Сесили кивнула. В ее глазах Эбби прочла молчаливое согласие.
Эбби уже направилась к другому отсеку, когда медсестра ее окликнула.
– Что-нибудь еще?
– Я… я просто хотела вам сказать. Вы должны знать, что…
Сесили беспокойно оглядела помещение. Медсестры видели, что она стоит рядом с опальным доктором Ди Маттео. Видели и ждали.
– В общем, я хочу, чтобы вы знали… Мы думаем… вы с доктором Чао сделали правильно, отдав сердце Джошу О’Дею.
Эбби заморгала, борясь с подступающими слезами.
– Спасибо, – прошептала она. – Огромное вам спасибо.
Только теперь, оглянувшись по сторонам, Эбби увидела одобрительные кивки других медсестер.
– Вы, доктор Ди Маттео, – одна из лучших ординаторов, с кем мы работали, – продолжала Сесили. – Мы хотим, чтобы вы знали и это.
И вдруг со всех сторон раздались аплодисменты. Эбби потеряла дар речи. Она стояла, растерянно прижимая к груди карточку. Все медсестры реанимации хирургического отделения аплодировали ей. Они устроили Эбби настоящую овацию.
– Я требую, чтобы ее убрали из ординаторов и выгнали из Бейсайда, – сказал Виктор Восс. – И я не остановлюсь ни перед чем, чтобы этого добиться.

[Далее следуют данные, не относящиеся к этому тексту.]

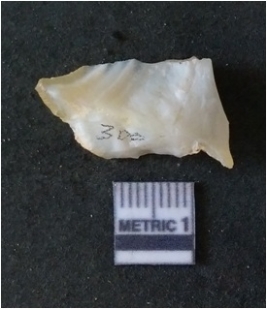| Description / विवरण | The quartz flake has sharp flaked edges and pointed ends as a result of flaking. The piece is semi-transparent in nature with irregular fracture pattern. The piece is roughly triangular in shape and has a prominent bulb of percussion. The flake is flat with sharp edges and pointed ends. The piece is pale in color. |

За восемь лет, проведенных на посту президента клиники Бейсайд, Джереми Парр повидал достаточно кризисных ситуаций. Две забастовки медсестер, несколько судебных дел о врачебных ошибках, каждое из которых тянуло на многие миллионы штрафных выплат. Однажды активисты движения «Право на жизнь» устроили в вестибюле клиники настоящий шабаш. Джереми приходилось видеть разгневанные лица. Но с такой неистовой, клокочущей яростью, перекосившей лицо Виктора Восса, он сталкивался впервые. В десять часов утра Восс явился к нему в кабинет, сопровождаемый двумя адвокатами, и потребовал созвать совещание. Время двигалось к полудню, и теперь в кабинете Парра сидели вызванные им Колин Уэттиг – руководитель хирургической ординатуры, а также юрист клиники Сьюзен Касадо. Ее Парр пригласил по своей личной инициативе. Хотя пока не было и речи о судебном разбирательстве, президент клиники решил подстраховаться. Отнюдь не лишняя предосторожность, когда имеешь дело с таким могущественным человеком, как Виктор Восс.

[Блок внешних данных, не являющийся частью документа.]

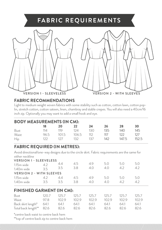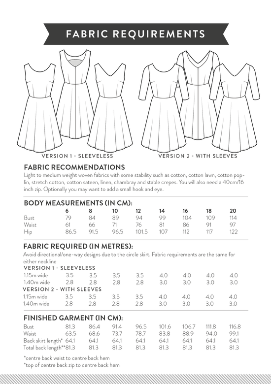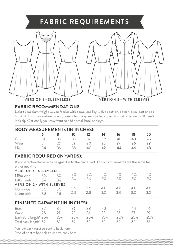 Pattern Sizes & Fabric Requirements

– Моя жена умирает, – бушевал Восс. – Вам это понятно? Умирает. Она может не дожить до завтра. И прямая вина за это лежит на обоих ваших ординаторах.

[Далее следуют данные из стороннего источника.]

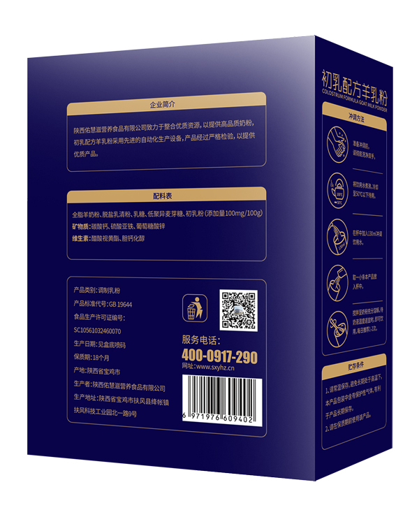 慧滋初乳配方羊乳粉十分注重優(yōu)選原料的重要性,源頭嚴(yán)格把控,安全純凈!更特別添加初乳粉,營養(yǎng)更豐富,且富含蛋白質(zhì)、維生素A、維生素D等成份,配比更科學(xué),且經(jīng)一系列嚴(yán)格工藝精制而成,品質(zhì)過硬!更有聽裝、盒裝兩種包裝形式,產(chǎn)品設(shè)計(jì)高端大氣,彰顯品質(zhì),必將火爆終端市場!

– Доктор Ди Маттео стажируется всего второй год, – ответил Уэттиг. – Сама она ничего не решала. Решение было принято нашим старшим ординатором доктором Чао. Она больше не работает в клинике.
– Я требую уволить и эту… доктора Ди Маттео.
– Ее не за что увольнять.
– Так найдите повод вышвырнуть ее из клиники!
– Доктор Уэттиг, – спокойным, рассудительным тоном начал Парр, – нужно найти основание для прекращения ее стажировки.
– Нет таких оснований, – гнул свою линию Генерал. – Все ее поступки, все сделанные ею выводы профессионально безупречны. Более того, они все задокументированы. Мистер Восс, я вполне понимаю, как вам сейчас тяжело. В таком состоянии всегда хочется возложить на кого-то вину и потребовать наказания. Но мне думается, ваш гнев направлен не туда. Истинная проблема кроется в нехватке донорских органов. Тысячам людей требуется пересадка сердца, но операции делают единицам. А теперь представьте последствия увольнения доктора Ди Маттео. Она может подать встречный иск. Дело приобретет более широкую огласку. Соответствующие инстанции начнут копать и задавать вопросы. В частности, они спросят, почему семнадцатилетний парень с самого начала не получил предназначенное ему донорское сердце.
Восс сердито сопел.
– Боже мой, – пробормотал Парр.
– Вы понимаете, о чем я говорю? – спросил Уэттиг. – Дело получит скверный оборот. На нашу клинику упадет тень. Мы вовсе не хотим давать газетчикам пищу для статей. А статьи обязательно появятся, и в них будет намек на классовую войну. Еще одна история о вопиющей несправедливости, проявленной к неимущим. Именно так это и подадут населению. И никто не захочет разбираться, так это на самом деле или не совсем так.
Уэттиг вопросительно посмотрел на собравшихся. Все молчали.
«Наше молчание говорит больше, чем многочасовые речи», – подумал Парр.
– Нам совсем не нужно, чтобы у людей возникло искаженное представление о клинике, – сказала Сьюзен. – Мало того что это нанесло бы удар по нашей репутации. Один намек на торговлю донорскими органами – и пресса нас уничтожит.